▶ [Task]: Exact copies of the lines below, from the one with "Im oberen Bereich" up to and including the one with "A simple model", are what this calls for; leave out pictures.

▶ [Data to process]:
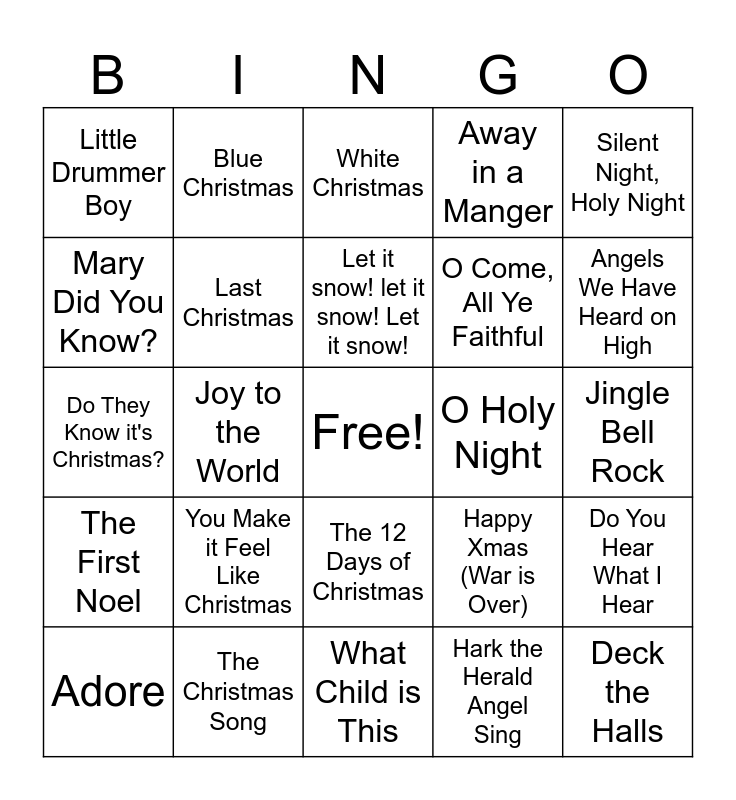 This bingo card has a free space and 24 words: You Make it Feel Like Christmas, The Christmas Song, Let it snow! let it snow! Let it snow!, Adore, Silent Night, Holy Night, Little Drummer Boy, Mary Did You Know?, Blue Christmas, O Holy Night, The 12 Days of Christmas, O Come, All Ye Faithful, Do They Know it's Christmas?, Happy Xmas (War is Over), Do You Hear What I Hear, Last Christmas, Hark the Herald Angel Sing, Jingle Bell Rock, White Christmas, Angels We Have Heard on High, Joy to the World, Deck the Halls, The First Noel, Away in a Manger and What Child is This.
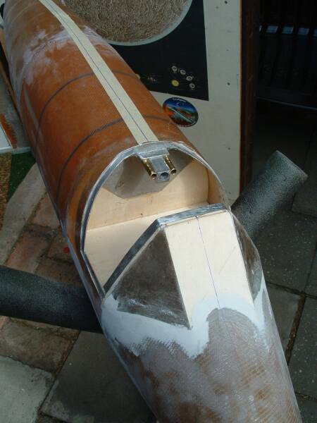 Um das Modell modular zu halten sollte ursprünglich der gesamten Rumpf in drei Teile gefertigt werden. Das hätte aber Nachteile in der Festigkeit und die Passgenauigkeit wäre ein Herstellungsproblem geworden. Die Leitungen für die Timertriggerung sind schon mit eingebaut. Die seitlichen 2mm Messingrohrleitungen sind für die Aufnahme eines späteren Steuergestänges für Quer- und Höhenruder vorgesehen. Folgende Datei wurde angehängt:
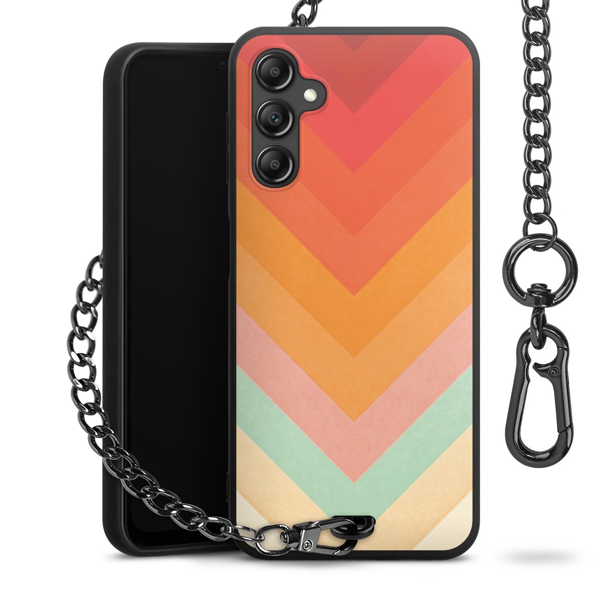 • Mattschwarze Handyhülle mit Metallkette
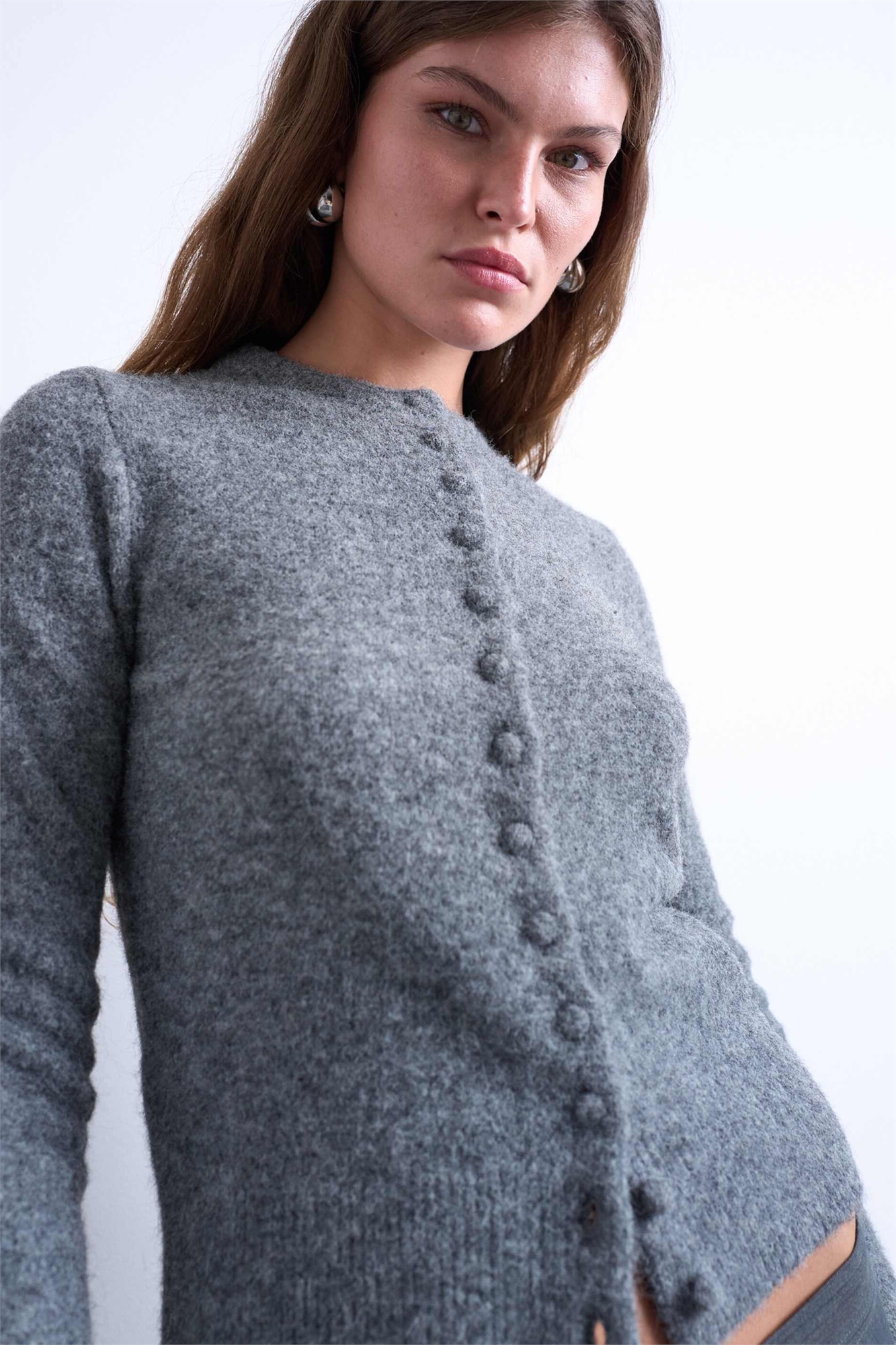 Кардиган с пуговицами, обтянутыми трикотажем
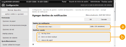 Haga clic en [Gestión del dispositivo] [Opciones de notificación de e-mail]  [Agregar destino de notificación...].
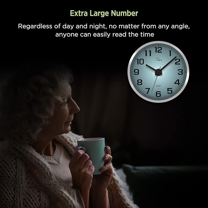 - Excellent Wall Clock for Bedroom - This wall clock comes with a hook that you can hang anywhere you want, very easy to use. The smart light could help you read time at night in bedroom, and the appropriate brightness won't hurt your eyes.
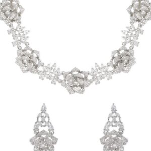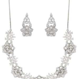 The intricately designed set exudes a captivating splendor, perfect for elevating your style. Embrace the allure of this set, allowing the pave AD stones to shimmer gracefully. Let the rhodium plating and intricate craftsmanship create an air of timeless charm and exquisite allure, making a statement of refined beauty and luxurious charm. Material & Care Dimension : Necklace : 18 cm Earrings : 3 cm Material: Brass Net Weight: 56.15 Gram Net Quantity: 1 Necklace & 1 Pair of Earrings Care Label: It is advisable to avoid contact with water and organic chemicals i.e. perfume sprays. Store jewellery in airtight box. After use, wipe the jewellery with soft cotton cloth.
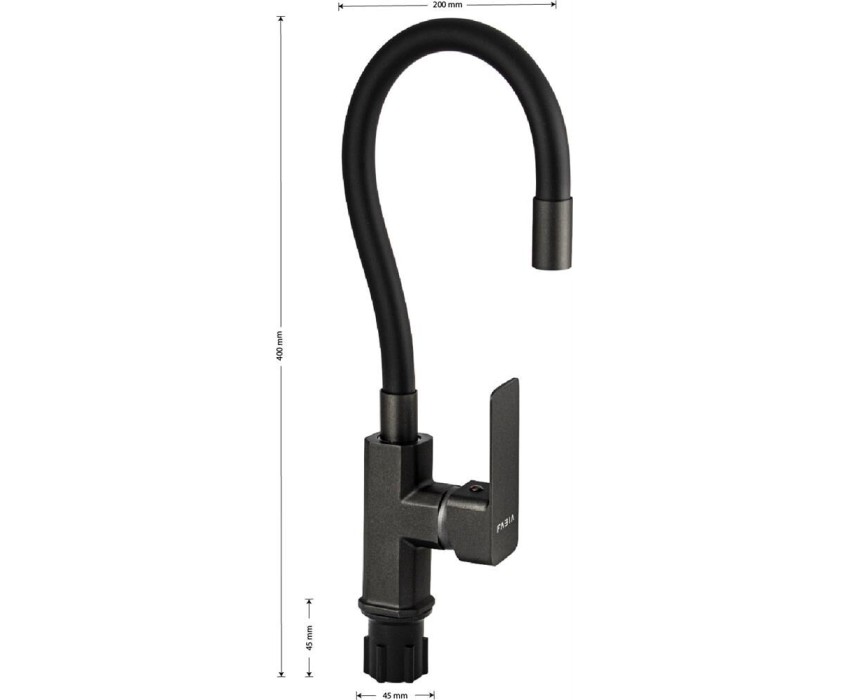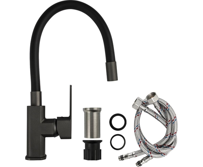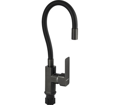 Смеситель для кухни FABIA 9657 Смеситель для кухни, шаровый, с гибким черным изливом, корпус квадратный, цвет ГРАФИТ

* * *

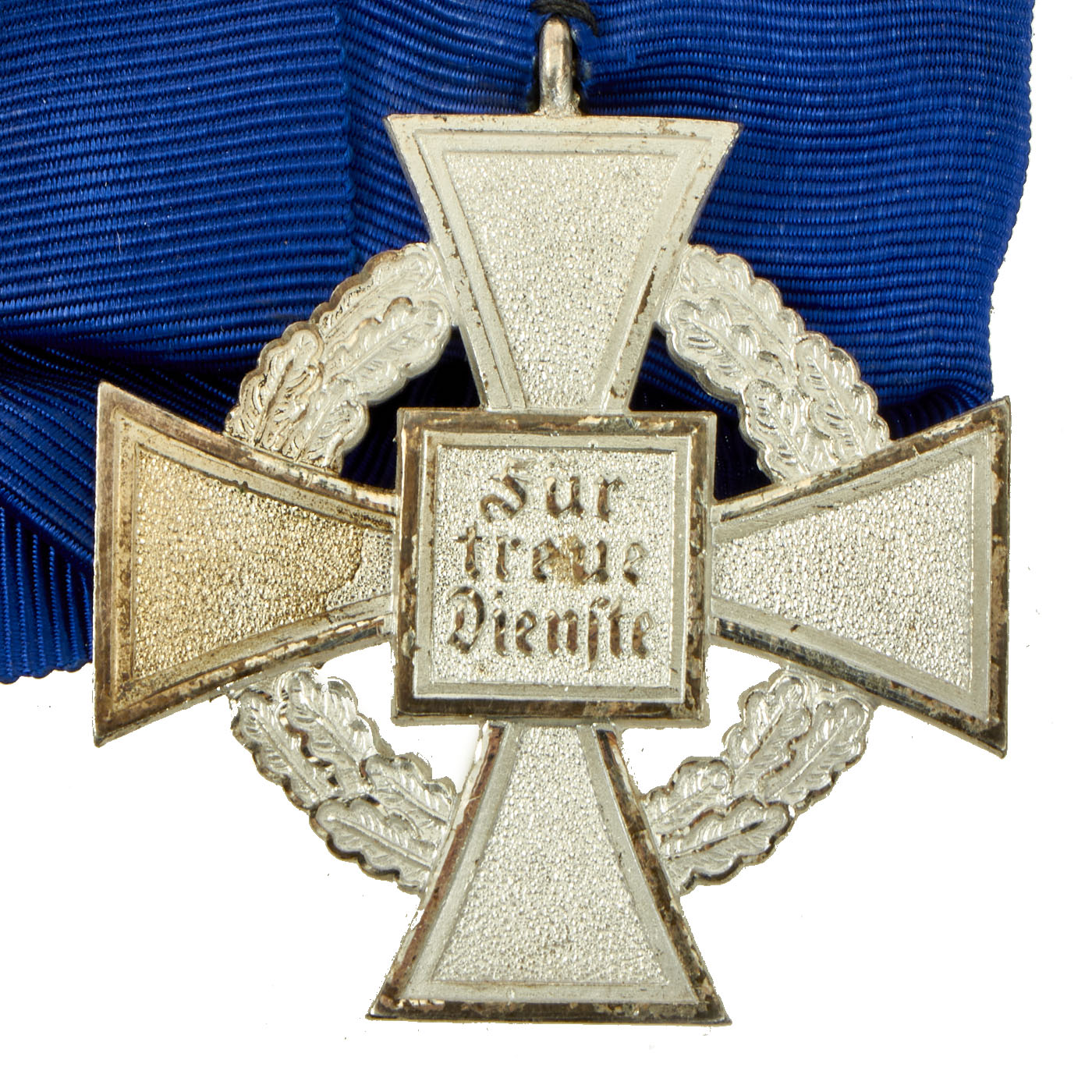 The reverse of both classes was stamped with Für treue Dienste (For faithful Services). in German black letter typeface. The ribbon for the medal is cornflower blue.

...

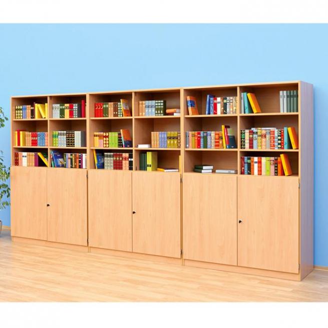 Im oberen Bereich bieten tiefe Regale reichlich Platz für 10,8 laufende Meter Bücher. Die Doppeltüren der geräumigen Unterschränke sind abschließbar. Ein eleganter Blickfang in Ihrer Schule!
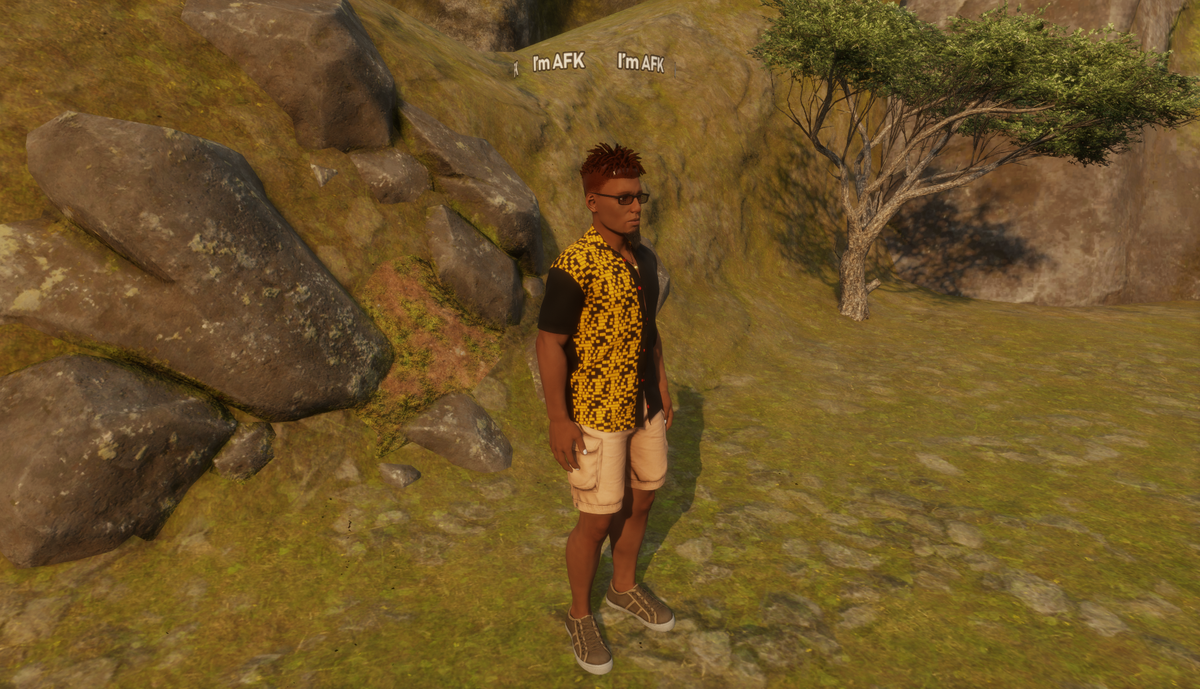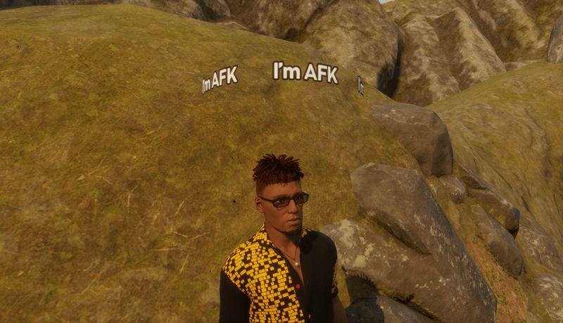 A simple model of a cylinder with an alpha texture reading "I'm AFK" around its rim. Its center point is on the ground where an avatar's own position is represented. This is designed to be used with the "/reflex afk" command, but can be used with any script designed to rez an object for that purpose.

▶ [Response to the task]:
 Im oberen Bereich bieten tiefe Regale reichlich Platz für 10,8 laufende Meter Bücher. Die Doppeltüren der geräumigen Unterschränke sind abschließbar. Ein eleganter Blickfang in Ihrer Schule!
 A simple model of a cylinder with an alpha texture reading "I'm AFK" around its rim. Its center point is on the ground where an avatar's own position is represented. This is designed to be used with the "/reflex afk" command, but can be used with any script designed to rez an object for that purpose.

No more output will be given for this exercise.